Experimental Investigation of Helicopter Weight and Mass Center Estimation

Abstract

Real-time estimates of weight and mass center location for helicopters are desirable for flight control and condition-based maintenance purposes. While methods to estimate mass parameters of helicopters have been developed, they often assume near-perfect knowledge of helicopter dynamics and have been validated only through simulated measurement data. The work described here aims to experimentally validate a method for weight and mass center estimation using an ALIGN T-REX 600e R/C helicopter. The estimation algorithm utilizes an extended Kalman filter (EKF) which estimates the helicopter states along with the weight and mass center location in real-time. Nonlinear system identification is performed using maximum likelihood estimation to create an accurate dynamic model for use in the EKF. Results show that given a reasonably accurate dynamic model, weight, stationline mass center location, and buttline mass center location can be reliably estimated in non-descending flight conditions.
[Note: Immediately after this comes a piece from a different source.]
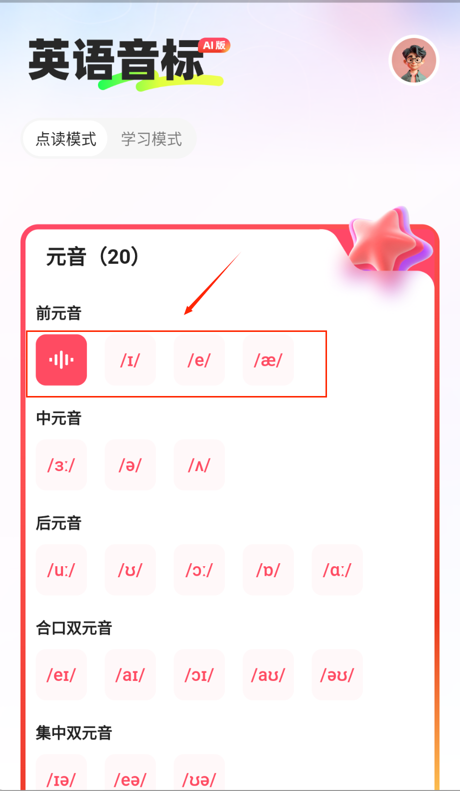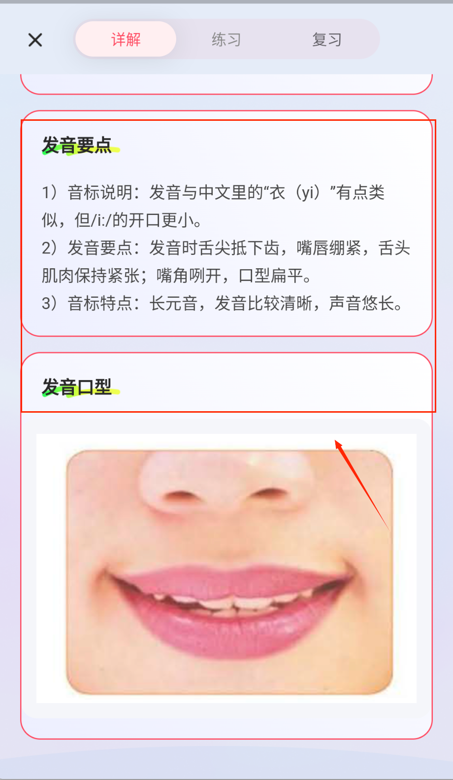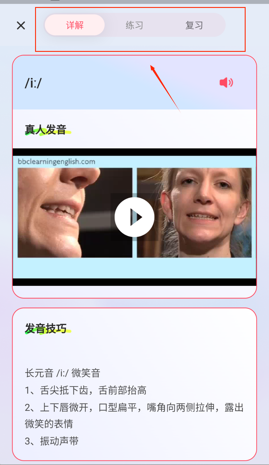 2、仔细观看平台提供的标准音标发音示范视频,重点观察发音时的口型变化和舌位摆放,跟随示范进行多次跟读练习。

Weight estimation is shown to be robust to sudden weight changes during flight, whereas stationline and buttline mass center estimates are marginally robust to sudden shifts in the mass center location. Waterline mass center proved to be unobservable for the axial flight maneuvers conducted. Detailed flight test studies characterize estimation error in weight and three-dimensional mass center position using the EKF formulation.